Ramped-up oil production in Russia and Iraq are likely to push world oil prices down, exhausting Alaska's budget reserves by 2007, according to the state Department of Revenue.
But high oil prices today will make it easier to balance the budget this year, said Revenue Commissioner Bill Corbus.
"Matters which could affect the near-term volatility of the price of oil are the increasing global demand for oil, the Iraqi oil production, non-OPEC oil production - in particular that of Russia - and finally the following value of the American dollar," Corbus said, during a Friday press conference following the release of the department's fall revenue forecast.
The 2005 state budget - which covers July 2004 to June 2005 - will be released Monday by Gov. Frank Murkowski, who has said he will use no more than $400 million from the state savings account to cover the fiscal gap.
That leaves lawmakers $173.5 million to find in budget cuts or taxes next year. The gap will grow 40 percent to $806 million in 2006, the Revenue Department predicts.
It also said the average price of a barrel of oil from the North Slope will average $27.70 in fiscal year 2004, Corbus said. That price will drop just over $3 a barrel to $24.65 a barrel in 2005. In future years it will drop to $22 a barrel.

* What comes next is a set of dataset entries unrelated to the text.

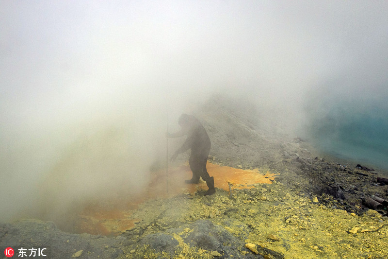 瓦伊真火山,一座位于东爪哇外南梦的活火山,山顶是天堂般静美的碧绿色火山口湖,谷底却是地狱般恶劣的硫磺采集地,这里不分昼夜浓烟滚滚,幽蓝色的火山不时喷发,山石和地面被黄色的硫磺粉末覆盖,未凝固的硫磺液体滚滚流淌,黄色的硫磺气体翻涌升腾,刺入鼻腔令人窒息。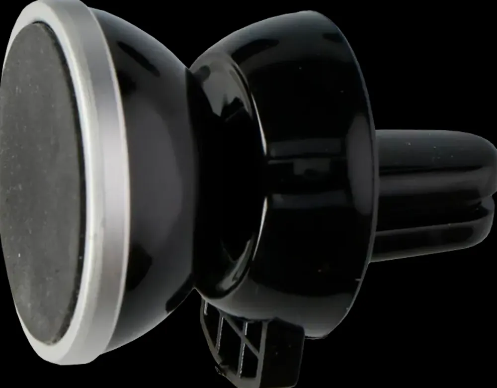 Magnetisk mobilholder til montering i bilens ventilationsgitter. Holder mobilen sikkert på plads under kørslen – også ved ujævne vejforhold. Hurtig fastgørelse og afmontering med “klik”-funktion. Diameter: 28 mm.Fremstillet i sort ABS-plast med sølvkant. Kompakt design, der passer diskret ind i de fleste bilinteriører. Kræver ingen permanent montering – clipses nemt fast. Passer til mange mobiltelefoner og kan bruges i flere biler.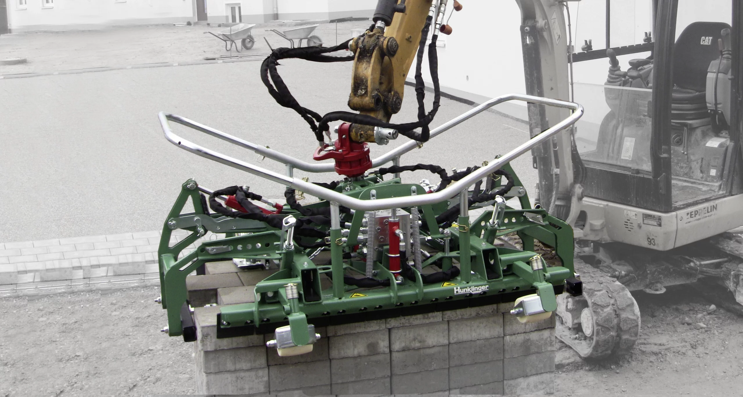 Mit der Pflasterverlegezange von Hunklinger können Steine verschoben, gegriffen und in jeder Situation sauber verleget werden. Die Zange ist für Minibagger ab 1,7 t mit der Aufnahme MS03 geeignet und kann auch mit kleinen Ladern oder Pflastermaschinen genutzt werden.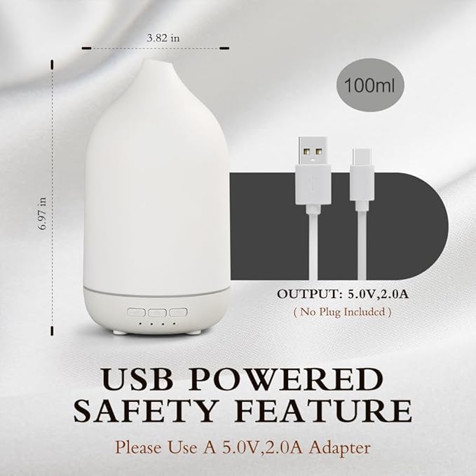 • CRAFTED FROM DURABLE BPA-FREE PLASTIC - This 100ml diffuser is easy to clean, refill, and portable. Its simple one-button control manages timer settings and light options, making it a user-friendly and low-maintenance choice for daily aromatherapy at home, work, or even while traveling.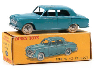 DINKY TOYS (FRANCE) 24B PEUGEOT 403 (version sans vitre & avec jantes convexes) bleu nattier

The drop in oil price will result in a $300 million reduction in oil revenue next year, with total oil income dropping from $2.02 to $1.72 billion in 2005.
Corbus said he expects the state to maintain an average production of 978,000 barrels of oil a day from fiscal year 2004 through fiscal year 2007. Oil production, which accounts for over 80 percent of Alaska's revenue, has gradually declined by about half since a peak in 1989 of 2 million barrels a day.
Chuck Logsdon, chief petroleum economist for the state, said the Organization of Petroleum Exporting Countries (OPEC) is predicting that Russia and other countries will glut the world oil market.
The state is hoping tax breaks for exploring new wells will attract new development.
"It is of interest to note that by the year 2012 about 19.9 percent of the oil production will come from new developments," Corbus said.
Oil exploration could be spurred by a controversial tax break for oil companies that was passed by the Legislature this year. The law gives a 20 percent tax credit to oil companies for drilling exploration wells at least three miles from existing wells.
The tax break could cost $50 to $100 million a year and critics argue that new exploration wells would have been drilled anyway.
Logsdon said there are four prospective wells that might qualify for the credit, but added the state won't know whether it has a firm commitment until as late as next April.
The state also is hoping to capture incremental revenue from satellite wells on the North Slope, National Petroleum Reserve-Alaska wells and production on the Beaufort Sea, Logsdon said.